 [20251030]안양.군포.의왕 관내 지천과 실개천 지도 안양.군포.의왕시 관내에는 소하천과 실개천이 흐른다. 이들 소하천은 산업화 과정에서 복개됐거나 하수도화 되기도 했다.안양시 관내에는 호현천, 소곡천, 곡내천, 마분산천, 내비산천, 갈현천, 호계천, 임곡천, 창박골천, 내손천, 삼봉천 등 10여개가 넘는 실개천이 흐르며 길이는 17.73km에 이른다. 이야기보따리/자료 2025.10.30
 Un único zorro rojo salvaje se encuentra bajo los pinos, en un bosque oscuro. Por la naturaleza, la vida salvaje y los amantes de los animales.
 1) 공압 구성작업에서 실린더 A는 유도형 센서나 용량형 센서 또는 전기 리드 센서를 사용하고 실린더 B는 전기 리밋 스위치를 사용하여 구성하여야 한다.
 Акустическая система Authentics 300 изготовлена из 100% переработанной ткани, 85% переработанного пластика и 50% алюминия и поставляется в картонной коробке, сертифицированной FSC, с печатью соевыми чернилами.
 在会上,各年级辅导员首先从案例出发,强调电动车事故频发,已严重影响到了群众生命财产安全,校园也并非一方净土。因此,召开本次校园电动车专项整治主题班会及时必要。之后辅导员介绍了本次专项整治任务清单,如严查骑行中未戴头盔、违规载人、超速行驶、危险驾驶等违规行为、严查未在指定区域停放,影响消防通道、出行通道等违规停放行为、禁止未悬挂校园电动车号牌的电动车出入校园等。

==========

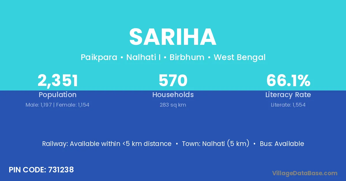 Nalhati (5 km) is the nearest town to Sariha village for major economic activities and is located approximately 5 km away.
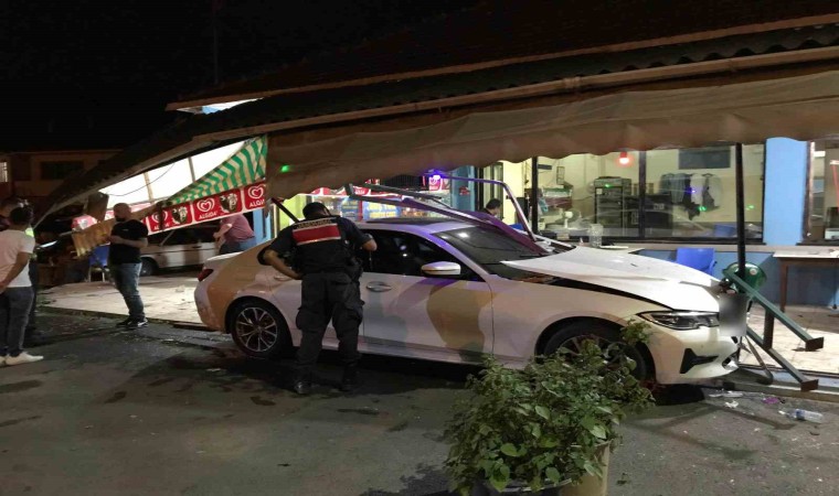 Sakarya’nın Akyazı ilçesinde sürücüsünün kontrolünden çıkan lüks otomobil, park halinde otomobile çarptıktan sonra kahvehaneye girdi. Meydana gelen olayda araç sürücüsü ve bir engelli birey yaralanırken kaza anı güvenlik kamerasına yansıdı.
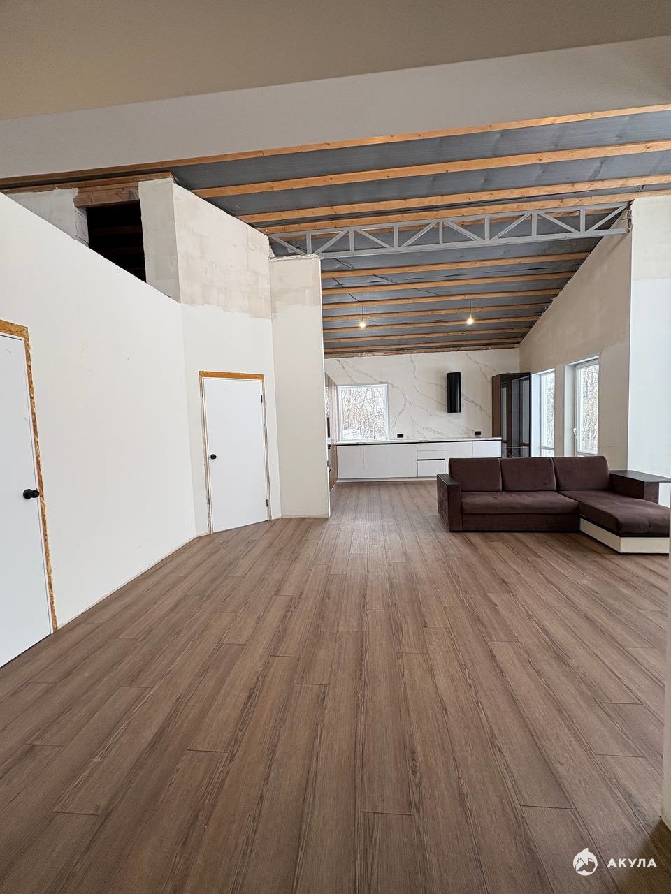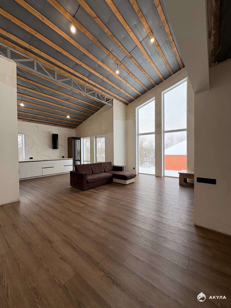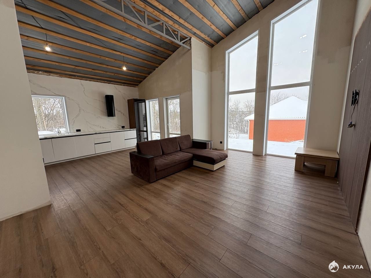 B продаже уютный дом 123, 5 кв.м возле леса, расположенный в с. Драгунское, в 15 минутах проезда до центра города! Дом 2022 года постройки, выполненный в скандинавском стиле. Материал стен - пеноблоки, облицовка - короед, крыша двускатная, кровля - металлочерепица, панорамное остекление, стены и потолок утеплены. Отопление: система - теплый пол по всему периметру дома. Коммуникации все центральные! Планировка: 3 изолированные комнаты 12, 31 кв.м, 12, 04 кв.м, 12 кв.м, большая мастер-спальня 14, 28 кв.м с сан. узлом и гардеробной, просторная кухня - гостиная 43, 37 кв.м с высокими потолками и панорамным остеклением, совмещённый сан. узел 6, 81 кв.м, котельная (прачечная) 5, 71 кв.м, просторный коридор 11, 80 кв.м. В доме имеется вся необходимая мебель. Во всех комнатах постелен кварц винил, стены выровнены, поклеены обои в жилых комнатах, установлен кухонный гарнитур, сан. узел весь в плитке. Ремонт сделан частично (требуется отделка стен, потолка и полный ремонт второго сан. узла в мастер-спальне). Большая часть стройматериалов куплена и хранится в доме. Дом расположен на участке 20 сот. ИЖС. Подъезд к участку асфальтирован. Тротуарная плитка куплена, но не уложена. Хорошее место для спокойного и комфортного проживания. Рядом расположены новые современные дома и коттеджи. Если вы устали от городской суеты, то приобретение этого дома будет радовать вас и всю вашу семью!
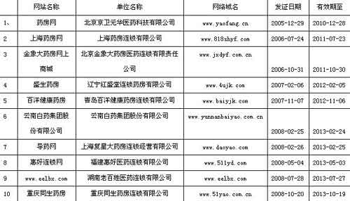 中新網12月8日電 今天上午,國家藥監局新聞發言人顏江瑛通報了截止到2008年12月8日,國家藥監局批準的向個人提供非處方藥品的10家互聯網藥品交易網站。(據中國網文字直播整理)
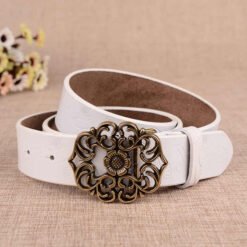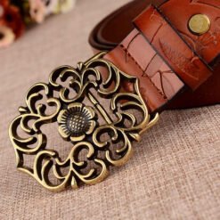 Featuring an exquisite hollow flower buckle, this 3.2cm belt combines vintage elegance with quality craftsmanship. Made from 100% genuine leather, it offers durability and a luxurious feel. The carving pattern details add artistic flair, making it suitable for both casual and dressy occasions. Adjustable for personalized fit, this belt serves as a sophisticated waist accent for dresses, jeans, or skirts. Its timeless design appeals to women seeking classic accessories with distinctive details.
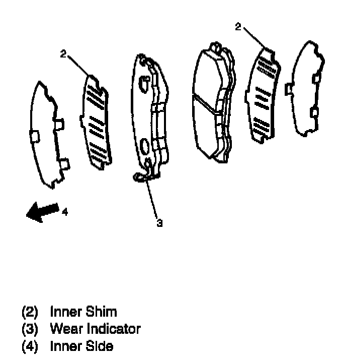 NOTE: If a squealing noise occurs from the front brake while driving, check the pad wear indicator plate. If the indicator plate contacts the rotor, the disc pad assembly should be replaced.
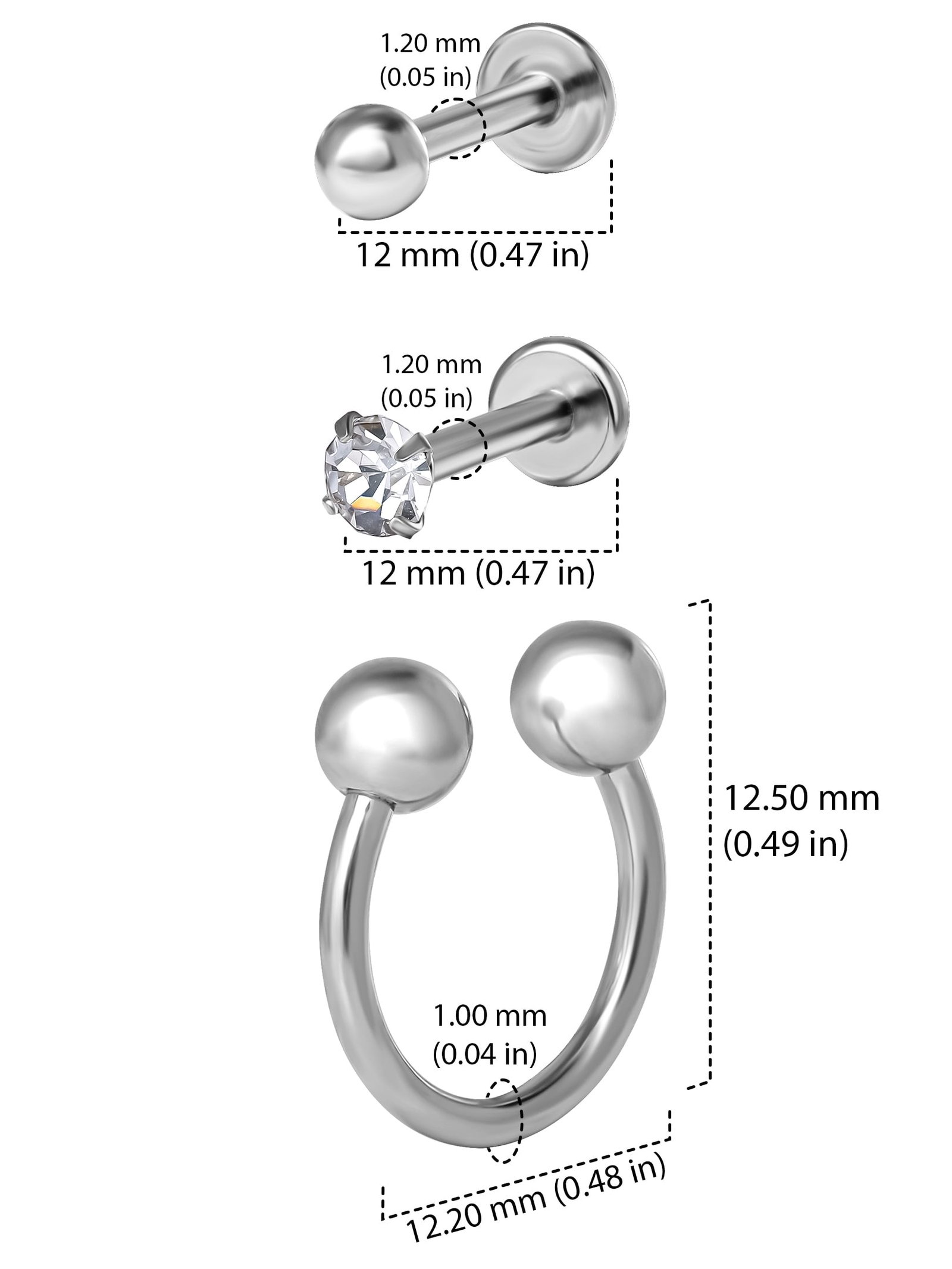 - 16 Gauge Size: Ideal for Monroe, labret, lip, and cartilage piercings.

==========

What the exercise asks:
The answer is the run of lines above from the line containing "[20251030]안양.군포.의왕 관내 지천과" through the line containing "Акустическая система Authentics", copied exactly and alone.

Expected answer:
 [20251030]안양.군포.의왕 관내 지천과 실개천 지도 안양.군포.의왕시 관내에는 소하천과 실개천이 흐른다. 이들 소하천은 산업화 과정에서 복개됐거나 하수도화 되기도 했다.안양시 관내에는 호현천, 소곡천, 곡내천, 마분산천, 내비산천, 갈현천, 호계천, 임곡천, 창박골천, 내손천, 삼봉천 등 10여개가 넘는 실개천이 흐르며 길이는 17.73km에 이른다. 이야기보따리/자료 2025.10.30
 Un único zorro rojo salvaje se encuentra bajo los pinos, en un bosque oscuro. Por la naturaleza, la vida salvaje y los amantes de los animales.
 1) 공압 구성작업에서 실린더 A는 유도형 센서나 용량형 센서 또는 전기 리드 센서를 사용하고 실린더 B는 전기 리밋 스위치를 사용하여 구성하여야 한다.
 Акустическая система Authentics 300 изготовлена из 100% переработанной ткани, 85% переработанного пластика и 50% алюминия и поставляется в картонной коробке, сертифицированной FSC, с печатью соевыми чернилами.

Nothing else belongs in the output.